On the third day, I decided we needed to get out of the house. We needed some sort of distraction, however temporary, just for the three of us. I dressed them both, and, leaving my phone on the kitchen counter, walked them out the front door in the direction of the park. One little hand holding each of mine, we walked along the sidewalk under a cloudy sky, and I tried to think of anything to talk about that was not their father.

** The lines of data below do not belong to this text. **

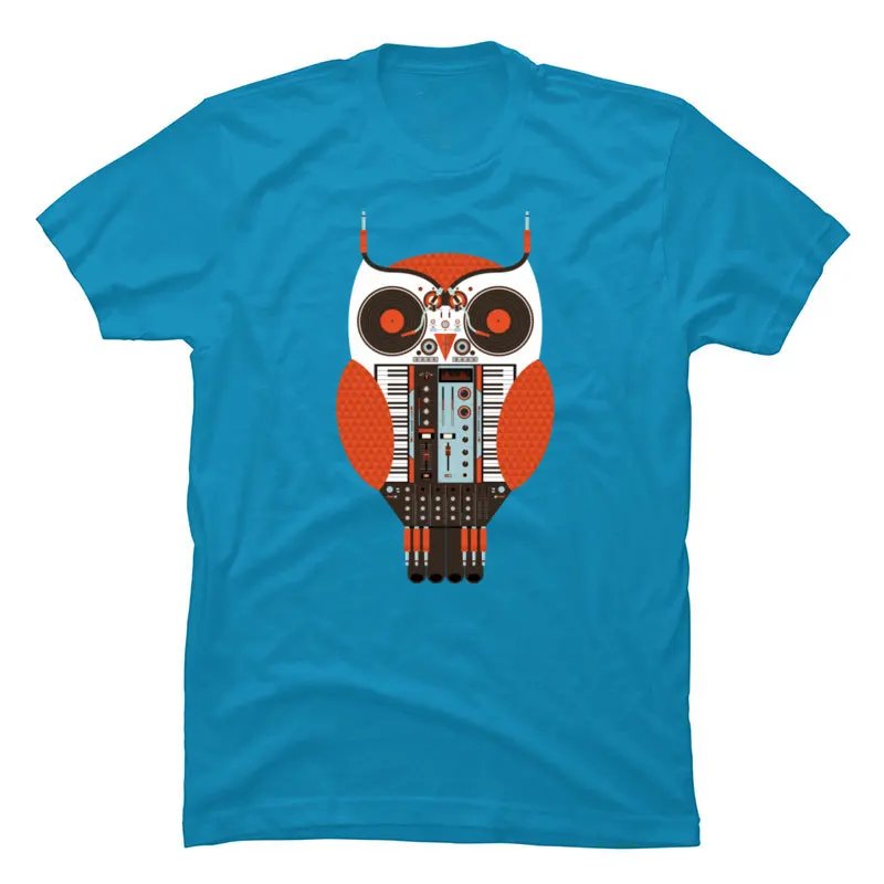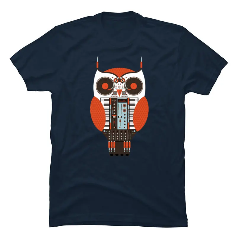 Vintage Owl Synthesizer T-Shirt Techno Synth Electron DJ Funny Tshirt Casual Tops Shirt 100% Cotton Short Sleeve Men Camiseta
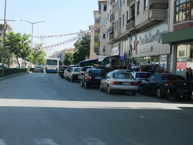 Atatürk Caddesi’nin Ankara Bulvarı istikametinde ise “Sınırlı ve Süreli Park Levhası” yok. Oysa Çarşı İçi gibi burası da Devlet Yolu.. Burada Başgimpa ve Harikalar Diyarı ve yeni açılan Yunus Market var. Araçlar bu marketlerin önünde yol istikametinde değil, genel olarak inadına yapar gibi çapraz olarak park ediyorlar, üstelikte 2 araçlık yer kaplıyorlar. Trafik burada tek şeritten işliyor.
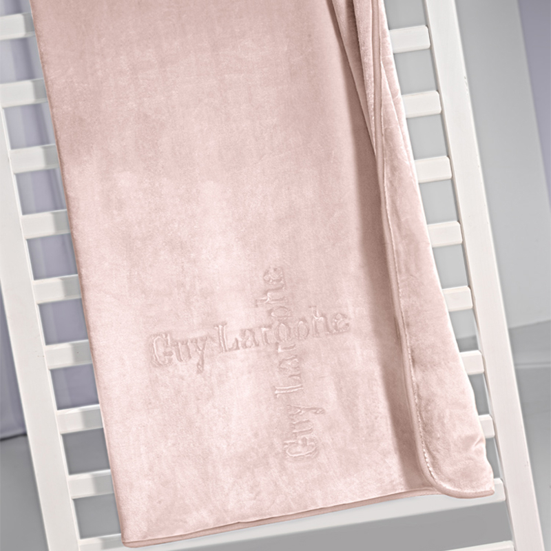 Κουβέρτα βελουτέ για την κούνια του μωρού σε ροζ χρώμα από την εταιρεία Guy Laroche. Είναι κατασκευασμένη από 100% polyester που την καθιστά πολύ απαλή και ζεστή. Ιδανική για τους φθινωπορινούς και χειμερινούς μήνες.
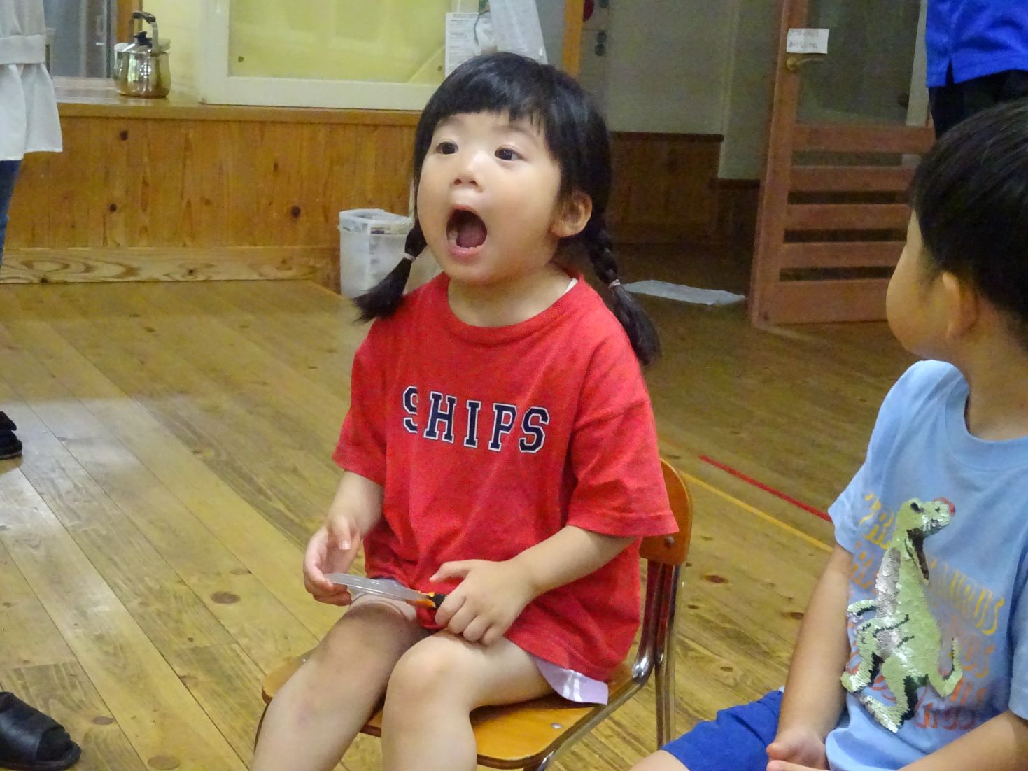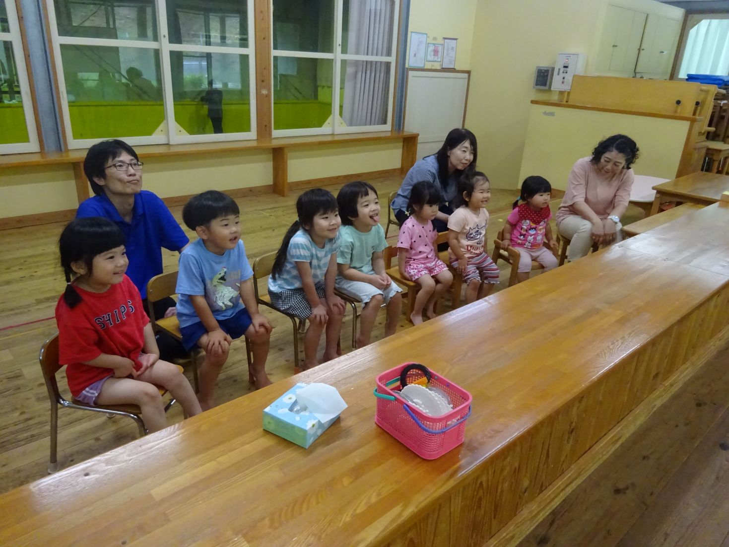 エプロンシアターでは、食べ物の味覚やよく噛むことの大切さを楽しく見て、知ることが出来ました。舌が出てくるのが面白く、思わず真似をして自分の舌を伸ばしていたこども達でした。
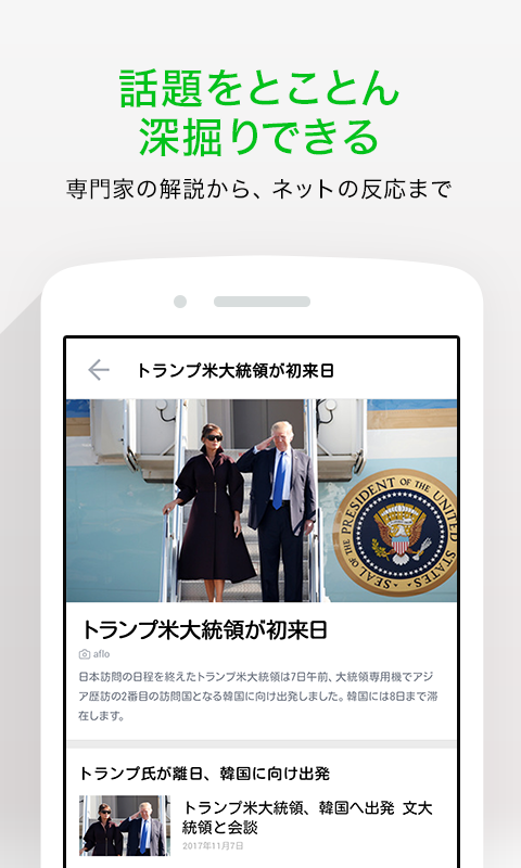 たとえ途中からニュースを読んだとしても、スクロールするだけでその話題の全体像を簡単に把握することができます。
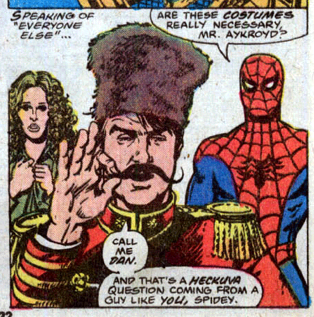 Im Lauf der Jahre ist Spider-Man auf allerhand Prominenter gestoßen. So traf Spider-Man auf Dan Aykroyd, und zwar zu Zeiten von „Saturday Night Live“.
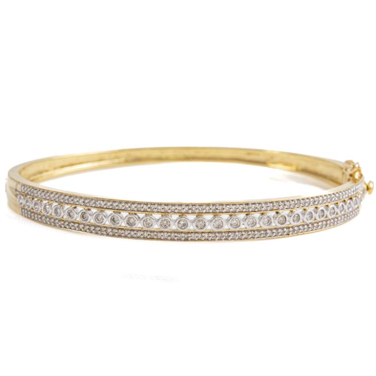 Diamond bangle with round Natural Diamonds totalling approximately 1.20ct (Estimated grading: J-K SI). 9ct yellow and white gold. Circumference: 16.2cm. Width: 3.2mm - 5.0mm. Weight 14.6g. (Pre-owned)
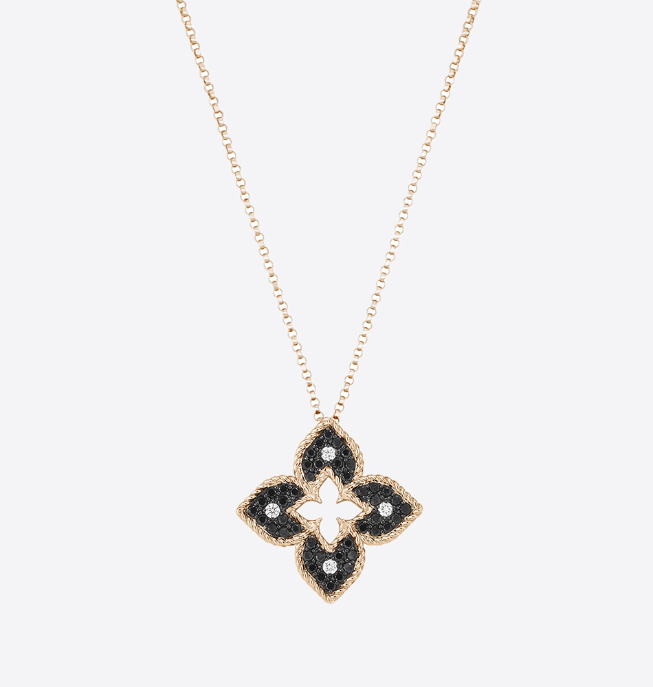 Collar Roberto Coin colección Venetian Princess con diamantes (0.1148 ct), diamantes negros (0.3124ct) y un rubí (0.0174 ct) en oro rosa y blanco. Peso oro: 5 g
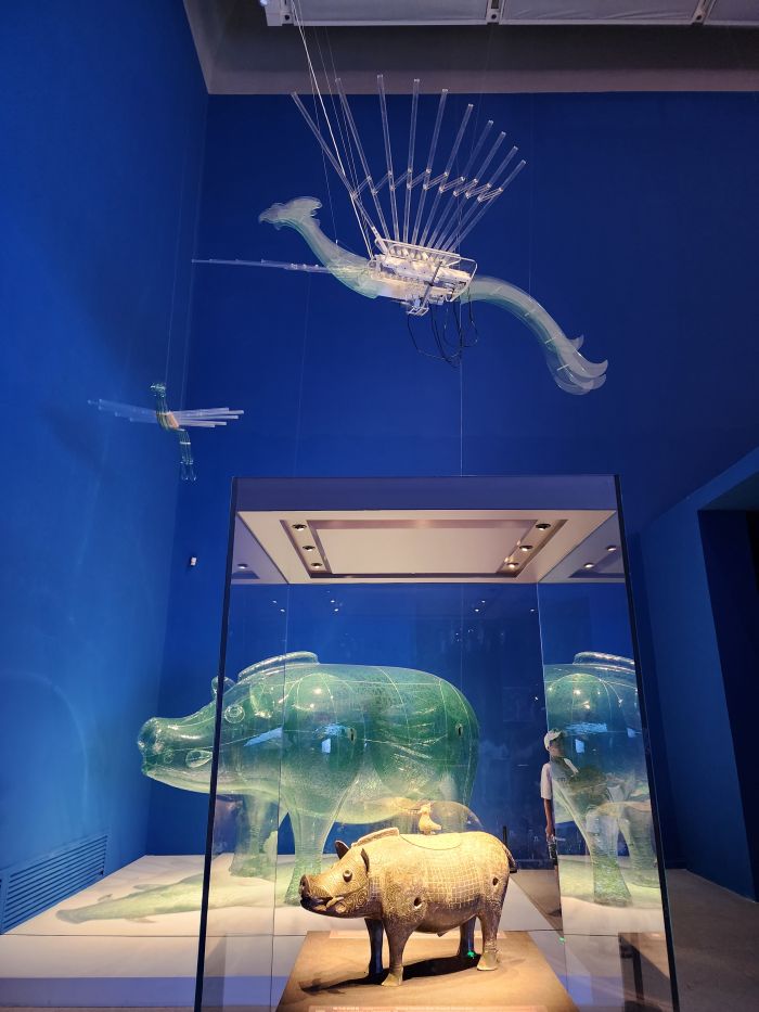 張沐辰的參展作品《數字豬尊》與湘博的國寶級藏品“商代豕形豬尊”展開多媒體互動對話。藝術家把“豬尊”轉換成一個巨大透明的充氣模型,祭祀和神話的功能被解構,反而變成了一個可視化的三維模型??罩型该鞯娘w鳥與視頻結合,構成了一個真與假的荒誕劇場,一個處于歷史和高科技之間的景觀。
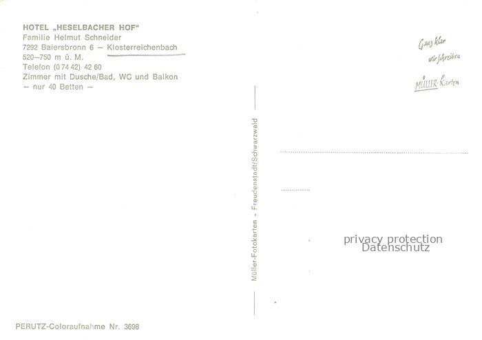 74111014 Klosterreichenbach Baiersbronn BW Hotel Heselbacher Hof Gastraeume Park postalisch nicht gelaufen Erhaltung siehe scans [WerneD78] Wern Katcode 11110008237004
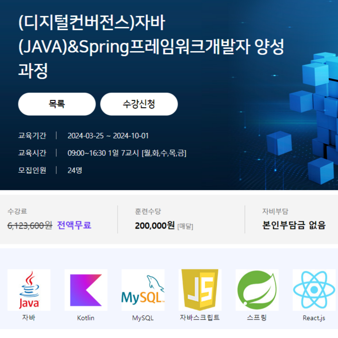자바개발 실무자 양성과정 전액지원 교육생 모집
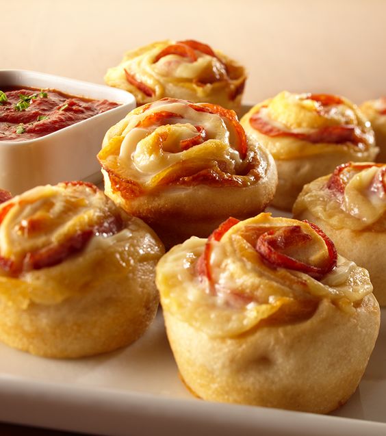 You’ll need: Pizza dough, sliced cheese and pepperonis. Pair with pizza sauce for dipping!
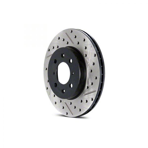 Description. StopTech Drilled and Slotted Sport Rotors are 1-piece direct replacement brake discs for factory brake systems and stock calipers that look great behind your wheels ΓÇô and offer significantly improved braking performance. The unique cross-drilling and slotting aids with heat and brake dust dispersal; prevents glazing of the pads; adds bite and improves wet and dry braking performance. Built to last; the black e-coating provides protection from corrosion and the high carbon metallurgy (in most applications) offers quieter operation; better crack resistance and increased performance.
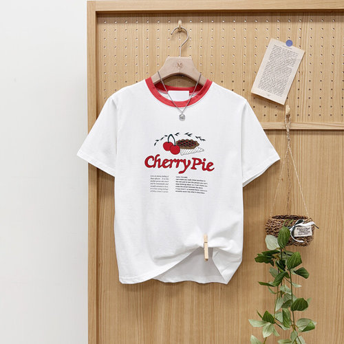 미즈큐즈 / 체리파이 프린트 레터링 실켓 배색 반팔 티셔츠 3colo
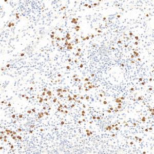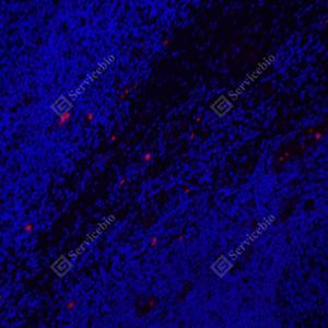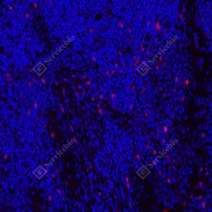 IF检测TLR2蛋白(货号 GB113378)(红色). 样品: 人扁桃体, 4%多聚甲醛 (货号G1101) 固定12-24小时. 抗原修复: Tris-EDTA抗原修复液(pH 9.0) (G1203), 98℃, 20分钟. 封闭: 3% BSA(货号GC305010)的PBS溶液, 室温孵育30分钟. —抗: 1: 600稀释, 4℃ 孵育过夜. 二抗: Cy3标记山羊抗兔IgG (H+L) (货号GB21303), 1: 300稀释, 室温孵育1小时. |
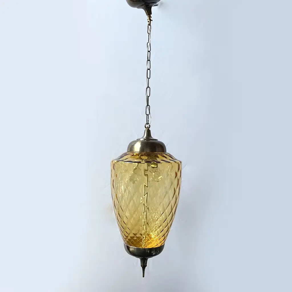 A stupendous 1950s design, this pendant lamp is a gem of the Venetian glassmaking tradition. Elegant and refined, it is handmade of Murano glass rendered in an amber shade that enhances the rhomboid textured motif decorating its lantern shape. Completed with a metal frame, it supports three E14 bulbs. Please consult the Concierge for further details and requests.
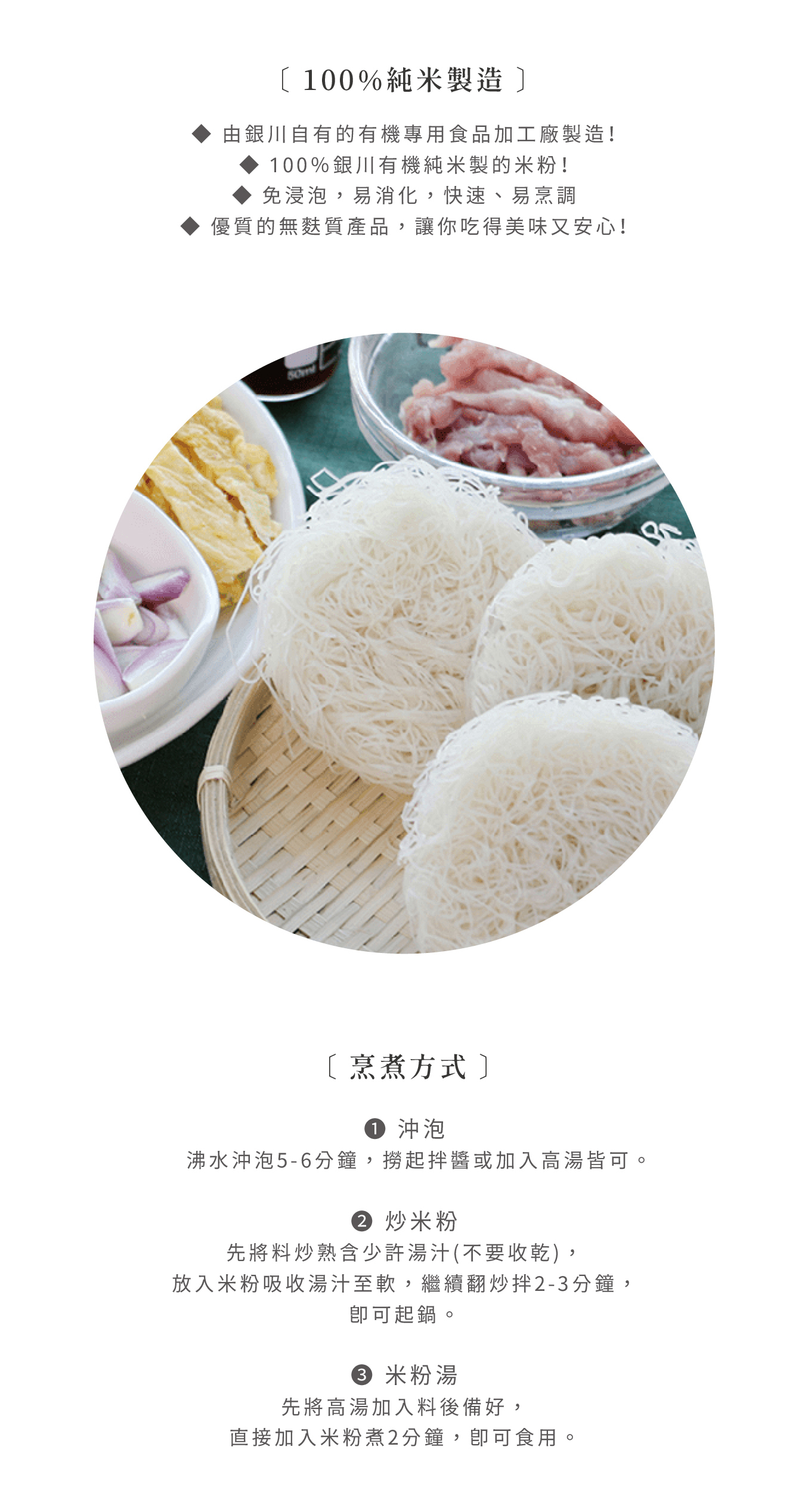 ◆ 100%有機純糙米製的米粉,完全無麩質過敏源,容易消化,快速、免浸泡,易烹調!

"So, what do you want to do at the park? Do you want to look at the ducks? Do you want to play tag? We can do whatever you'd like."

"Ooooh, ooh ooh ohh can we look at the ducks? I wanna see the ducks, I like the ducks. Can we feed them? Please, please?" Ellie looked up at me, smiling for the first time in what felt like days, her brown eyes wide with wonder. It was amazing how just the mention of a few ducks in a pond could inspire such wonder in such a small child. I felt tears forming behind my eyes, but held them back, trying not to blink them out. My daughter was smiling again. I would not let the sudden onslaught of emotions sweeping over me have affect them. I couldn't cause my children any more pain than the world already had, just in the last three days.

"Of course we can, love." My voice caught on the last word, but I breathed through it, clearing my throat quietly so as not to let them hear it. "Max, my lovely, what would you like to do, hmm?"

Max was quiet for a moment, and I could almost hear the cogs in his little two year old head turning.

"Can we play with Daddy?"

My throat closed.

I couldn't look down at him, or at Ellie. My poor daughter... old, mature beyond her years, who understood enough to understand that daddy wasn't coming back. But Max... my poor, sweet boy. My little angel, with curls and a smile so like his father's. He just didn't understand... he could see enough to remember Daddy, and to want him back, but even telling him that Daddy couldn't come back... he just couldn't understand it. All he wanted was him back. And so did I, but there was nothing I could I do. Nothing any of us could do, except to try to protect the ones who were still here from as much pain as we could.

"Max..."

I couldn't look at him, but I felt him look up at me, felt his little fingers curling tighter around a few of mine at my side.